Storing one value is fine. But objects can be used sed to store more than that. This next chunk of code creates a ‘vector’, where several values in the brackets have been combined together with the c() command. In this example I’ve created some character strings, each bound within a pair of quotation marks (""). Numbers don’t need to be in quotation marks (unless they’ve been stored as text).

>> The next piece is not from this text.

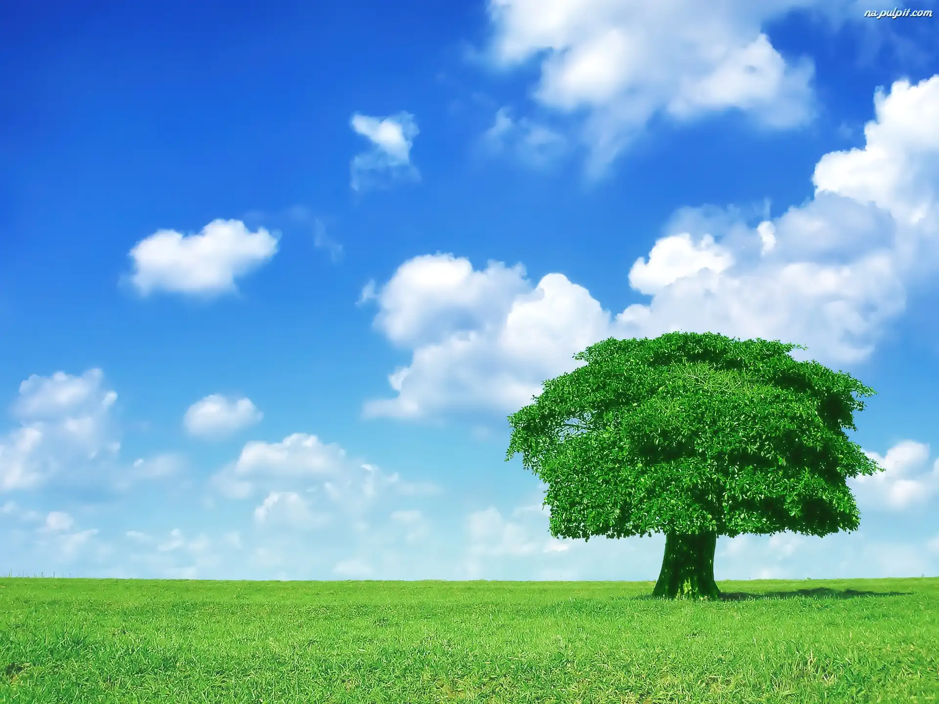 Chmury, Drzewo, Łąka Na Pulpit

my_vector <- c("Pichu", "Pikachu", "Raichu")  # combine some values
print(my_vector)  # have a look at what the object contains
## [1] "Pichu"   "Pikachu" "Raichu"

You can see what ‘class’ your vector is at any time with the class() function.

class(my_num)
## [1] "numeric"

The vector my_num is composed of numbers only and so is ‘numeric’, but my_vector is composed entirely of character strings:

class(my_vector)
## [1] "character"

So we’ve create objects composed of both single values and vectors. You can think of these as being zero-dimensional and one-dimensional. The next step would be two dimenions: a table. Tables of data with rows and columns are called ‘data frames’ in R and are effectively a bunch of vectors of the same length stuck together. Consider this:

my_df <- data.frame(
  species = c("Pichu", "Pikachu", "Raichu"),
  number = c(172, 25, 26),
  location = c("Johto", "Kanto", "Kanto")
)

print(my_df)
##   species number location
## 1   Pichu    172    Johto
## 2 Pikachu     25    Kanto
## 3  Raichu     26    Kanto

Can you see how this is three vectors (species, number and location) of the same length (3 values) arranged into columns? the function data.frame() binds these vectors together into (surprise) a data frame.

class(my_df)
## [1] "data.frame"

Aha!


CHALLENGE!

Create a sensibly-named data frame object with three sensibly-named columns:

  • one for animals
  • one for a cuteness score
  • one for a ferocity score

Now print it.


4.4 Functions

You’ve been using functions already: print(), class(), data.frame() and c().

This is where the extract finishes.